In my experiements case, I used the create_pascal_tf_record.py. I'd set the flags as below for my datset.

In [None]:
FLAGS.set = 'val'
FLAGS.year='VOC2012'
FLAGS.data_dir= r"C:\my_projects\tensorflow_obj_detection\object_detection\VOCdevkit\VOC2012"
FLAGS.output_path=r"C:\my_projects\tensorflow_obj_detection\object_detection\tfrecords_voc2012\plane_val"

I ran the command as below for airplane data from Pascal VOC 2012 dataset. 

* For Training:
`C:\my_projects\tensorflow\models\research> python object_detection\dataset_tools\create_pascal_tf_record.py --data_dir=C:\\data\\VOCdevkit --year=VOC2012 --set=train --output_path=C:\\my_prj\\obj_detection\\data\\airplanes_train.record`

* For Val:
`C:\my_projects\tensorflow\models\research> python object_detection\dataset_tools\create_pascal_tf_record.py --data_dir=C:\\data\\VOCdevkit --year=VOC2012 --set=val --output_path=C:\\my_prj\\obj_detection\\data\\airplanes_val.record`

#### Class Info:

The Tensorflow requires class label info as below.

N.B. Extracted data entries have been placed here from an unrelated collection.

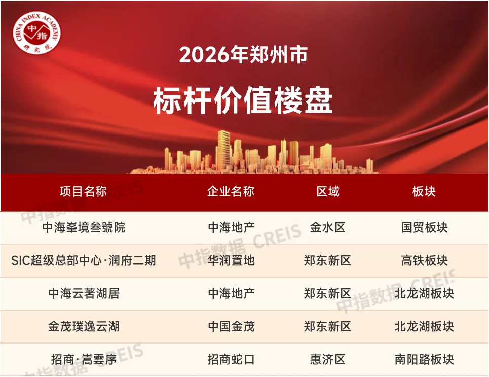 2026年1月,郑州商品住宅销售金额排行榜TOP10项目合计销售金额为7.14亿元,其中TOP10的销售金额门槛值为0.50亿元。中原华曦府以1.48亿元的销售额位列销售金额排行榜首位,正弘序以1.01亿元的销售额位列第二,中海云著湖居以0.70亿元位列第三。销售面积方面,TOP10项目合计销售面积为4.16万平米,TOP10项目销售面积门槛值为0.29万平米。中原华曦府以0.91万平米的销售面积位列排行榜首位,正弘序以0.56万平米的销售面积位列第二,中原润府以0.40万平米位列第三。特别声明:标杆价值楼盘是在中房指数系统理论体系和架构的基础上,从百城新建住宅价格指数样本项目中选取在所属城市有较强知名度和广泛影响力的典型样本项目,以“典型性”“代表性”为基本原则,从销售表现、产品创新等方面对样本楼盘进行研究,肯定项目的典范代表地位。本报告仅供参考,不对使用报告及其内容所引发的任何直接或间接损失承担责任。金水区 ▍中海峯境叁號院
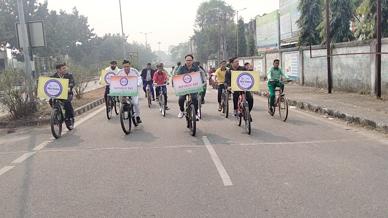 रामगढ़, 25 जनवरी । राष्ट्रीय मतदाता दिवस और गणतंत्र दिवस के अवसर पर जिले में मतदाता जागरूकता को बढ़ावा देने के उद्देश्य से संडे ऑन साइकिल कार्यक्रम का आयोजन किया गया। कार्यक्रम का आयोजन माई इंडिया, माई वोट विषय के अंतर्गत किया गया, जिसमें जिले के अधिकारियों, युवाओं एवं आम नागरिकों ने उत्साहपूर्वक भाग लिया।
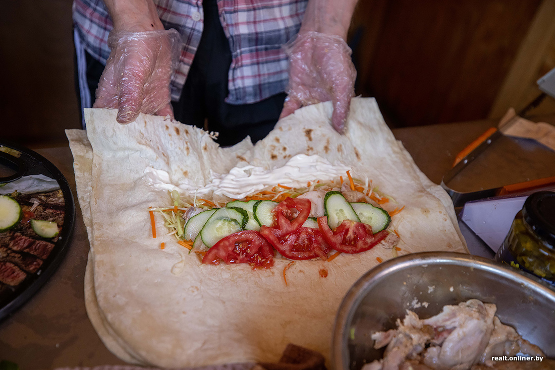 Также работает локация с грилем, где жарят ребрышки и крутят шаурму.
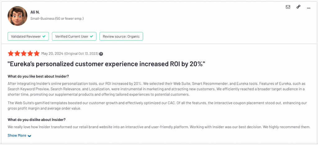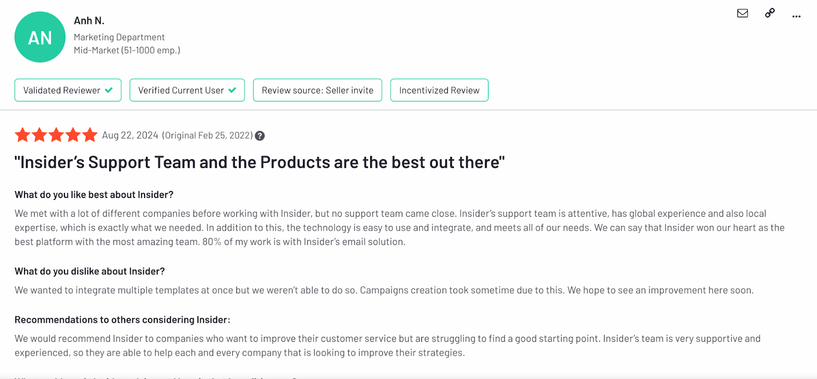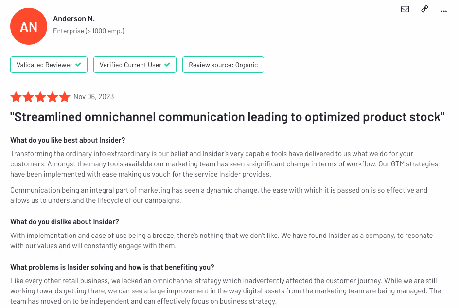 Our customers frequently highlight the difference Insider One makes: “Very fast product with efficient results. We were surprised by how fast and easy the integration process was. Insider One’s team was helpful throughout, leaving no question mark in our minds concerning their tools.”
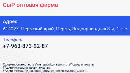 СыР, оптовая фирма по адресу 614097, Пермский край, Пермь, Водопроводная 3-я, 1 ст5 в дальнейшем Организация, размещена в следующих категориях:
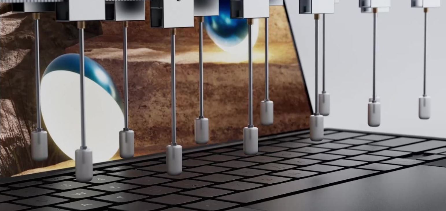 SnadnĂ© nastavenĂ DUO: inteligentnĂ sestava magnetĹŻ a zasouvacĂ pogo piny provádÄ›jĂ automatickou korekci polohy, zarovnávajĂ odnĂmatelnou klávesnici se spodnĂm OLED displejem a zajišťujĂ okamĹľitĂ©, niÄŤĂm nerušenĂ© pouĹľĂvánĂ a nabĂjenĂ.
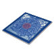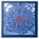Tile in a block print of a Gerbera daisy, based on a photograph, digitally transformed and hand tinted -shades of cobalt and sky blue with soft pink and white
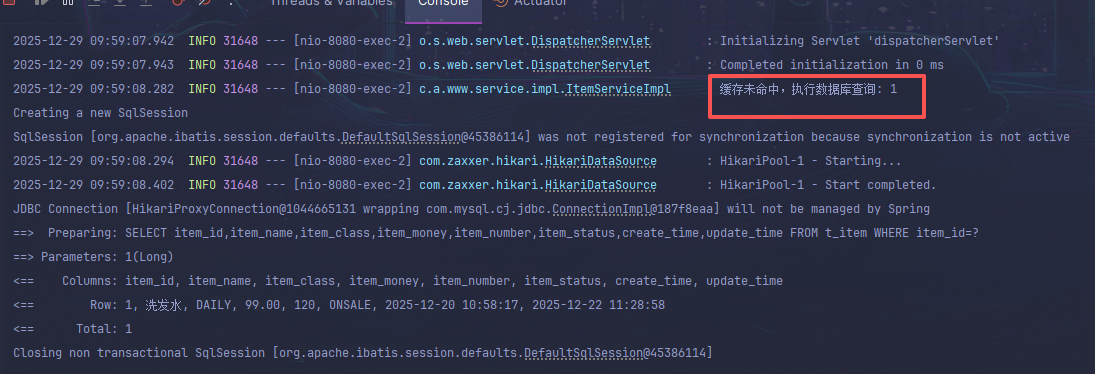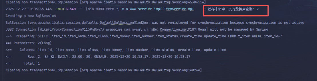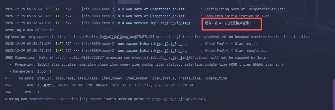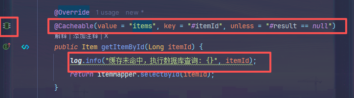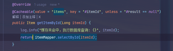 @Override @Cacheable(value = "items", key = "#itemId", unless = "#result == null") public Item getItemById(Long itemId) { log.info("缓存未命中,执行数据库查询: {}", itemId); return itemMapper.selectById(itemId); }

In my case, I've only 1 class to detect so it will look like as below. I've save in the `C:\\my_prj\\obj_detection\\data\\my_class_label.pbtxt`

`
item {
  id: 1
  name: 'aeroplane'
}
`

For multiple classes, the above records should be comma separated. There're many examples available in `models\research\object_detection\data`

## Challenge 4: Model Training

Once the TFR datasets are created, then first you need to decide if you will use an existing model and fine tune it or build from scratch. It is advisable to use the pre-trained models as it can take less time for training and most of the features that are learnt by CNNs are often object agnostic. 

Tensorflow provides several pre-trained models. The list of models, speed and accuracy can be seen at [here](https://github.com/tensorflow/models/blob/master/research/object_detection/g3doc/detection_model_zoo.md)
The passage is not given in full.